**WORK TASK**
The listing below holds a line with "위 내용을 근거로, A" and a line with "Az ergonomikus kialakításnak". Reproduce those two lines exactly, plus everything between them.

**RECORDS FOR THIS EXERCISE**
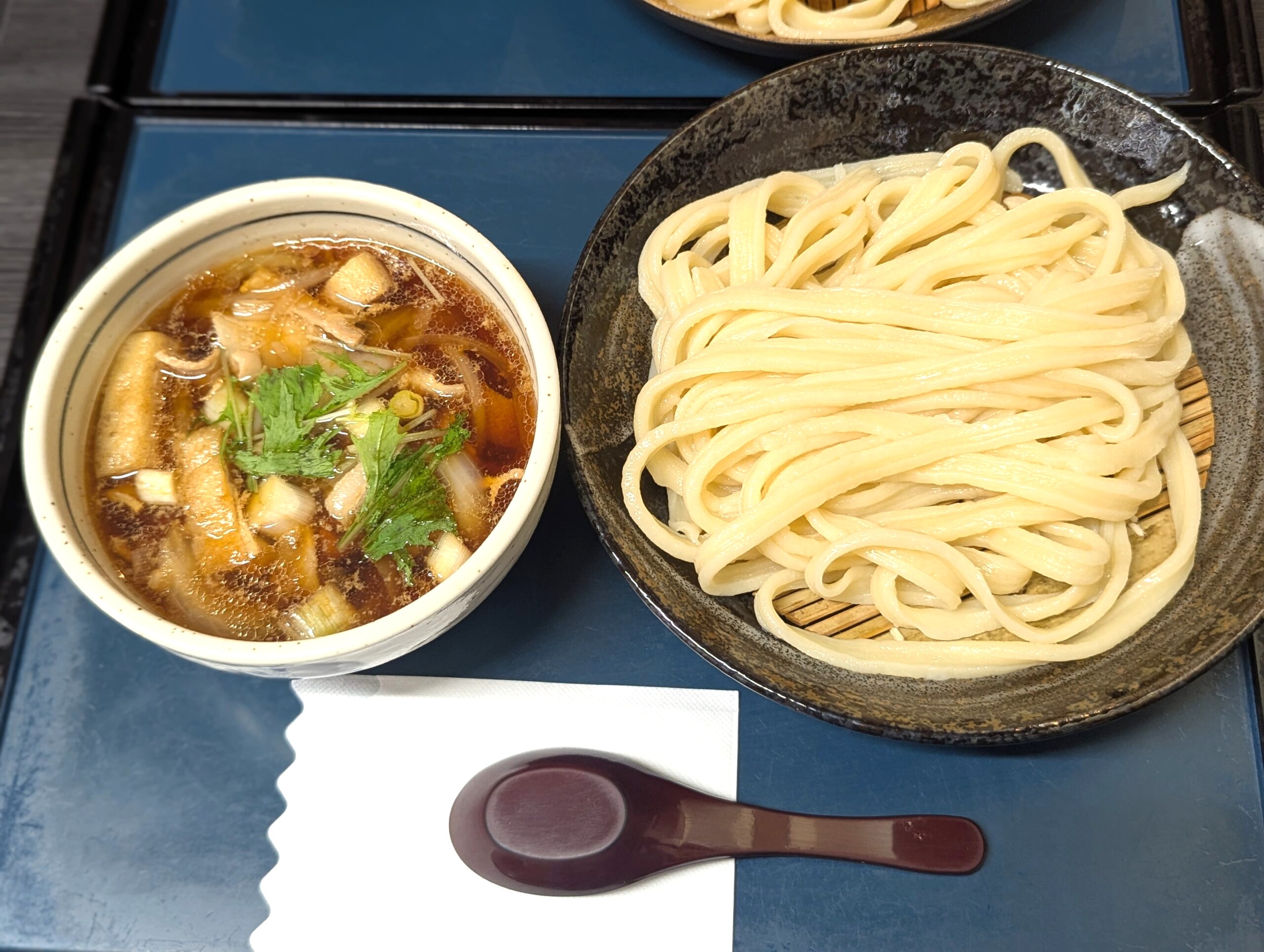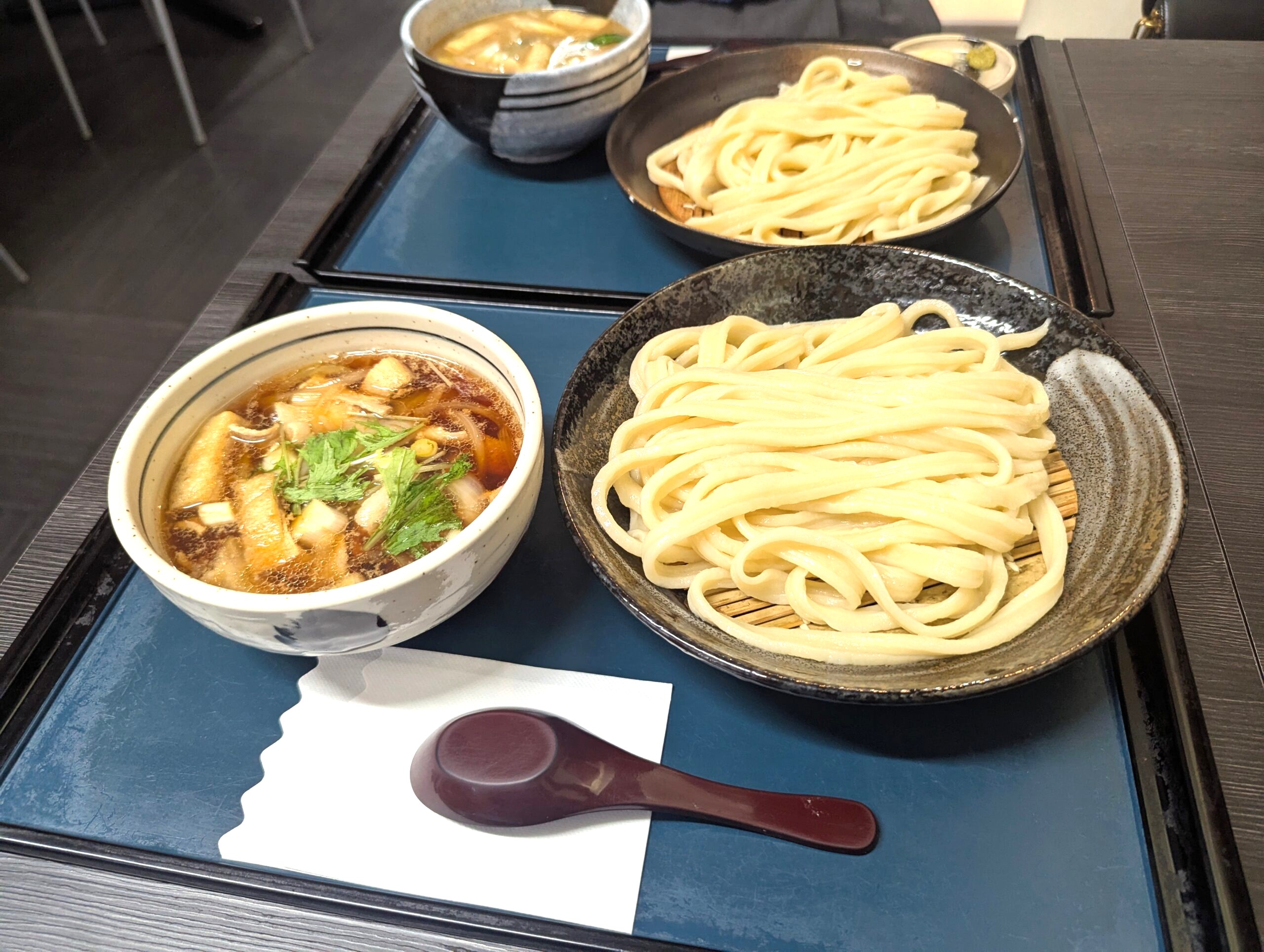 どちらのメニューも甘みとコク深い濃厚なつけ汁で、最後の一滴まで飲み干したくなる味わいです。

...

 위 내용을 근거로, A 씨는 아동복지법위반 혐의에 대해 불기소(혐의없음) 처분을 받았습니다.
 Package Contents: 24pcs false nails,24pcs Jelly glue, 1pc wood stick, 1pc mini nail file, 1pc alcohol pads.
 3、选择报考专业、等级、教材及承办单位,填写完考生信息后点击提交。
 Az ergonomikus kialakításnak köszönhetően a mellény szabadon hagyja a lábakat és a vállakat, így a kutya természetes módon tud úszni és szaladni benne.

**TASK SOLUTION**
 위 내용을 근거로, A 씨는 아동복지법위반 혐의에 대해 불기소(혐의없음) 처분을 받았습니다.
 Package Contents: 24pcs false nails,24pcs Jelly glue, 1pc wood stick, 1pc mini nail file, 1pc alcohol pads.
 3、选择报考专业、等级、教材及承办单位,填写完考生信息后点击提交。
 Az ergonomikus kialakításnak köszönhetően a mellény szabadon hagyja a lábakat és a vállakat, így a kutya természetes módon tud úszni és szaladni benne.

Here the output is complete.